It's not that I like to complain (though I do like it), but why does this week already feel like one of those where (assuming I survive at all) I'll emerge on teh far side, look back, and just shake my head and be glad to be past that sucky run of days.
Last week was nice. I could stand another week like last week. Phone calls to managers and agents and producer types all went better than expected. QUEEN OF THE SKY (aka "LILYA") managed to get in to be read by a nice handful of people, any of whom could be the spark that lights the fuse to potentially send this rocket into the sky.
Projects pitched to possible allies and producers all were met with warm eager receptions.

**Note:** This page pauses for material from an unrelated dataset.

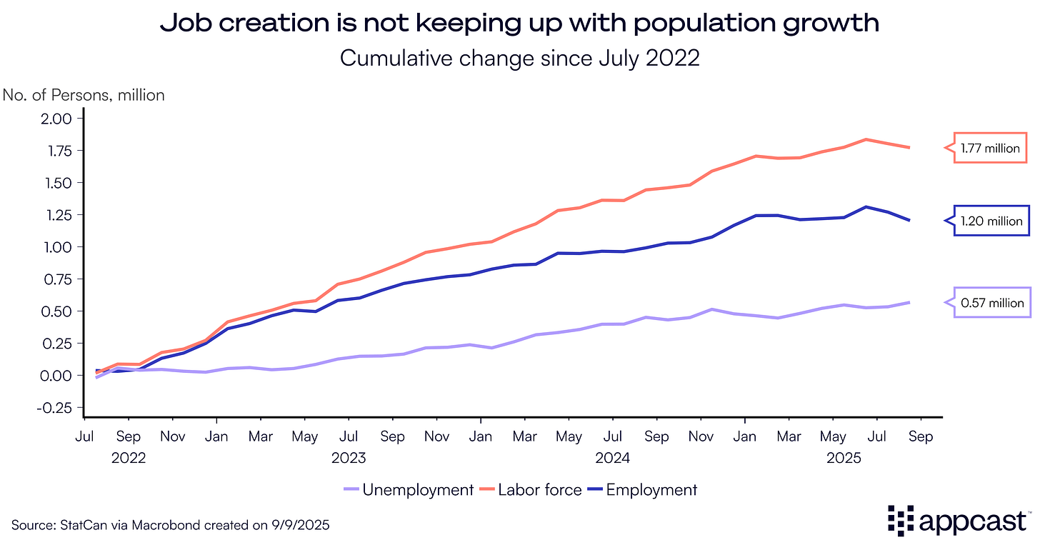Canada has historically been a high-immigration country, but following the pandemic immigration surged to unprecedented levels. Since 2022 net migration has exceeded 300,000 people per year, corresponding to an annual inflow of nearly 1% of the total population. While those inflows were manageable when the economy was booming, the current economic slowdown means that labor demand is insufficient—employers are simply not creating enough jobs to keep pace with the rapidly growing population. Since July 2022 the labor force has expanded by about 1.8 million people, while total employment has only increased by 1.2 million, leaving an additional 600,000 people unemployed.

Impossible schedule obligations and permutations were met head on and overcome with grace and aplomb.
My first turn at CubMaster went off smoothly and efficiently (and the kids all had a great time handling boas and milk snakes from "The Snake Man").
My son's football fourth grade football team won its game 41-0.
It was a good week.
But this is this week, and this week I get handed less enjoyable stuff to deal with. I'll not go into inane detail, but in the opast week we've had a dishwasher go out, a tire go bad, three toilets back up, a cat get locked in a closet and try to tunnel her way out through the carpet (and make it only so far as the slab), and now I find that my dog—an adopted pound puppy—requires reconstructive knee surgery costing an estimated three thousand dollars.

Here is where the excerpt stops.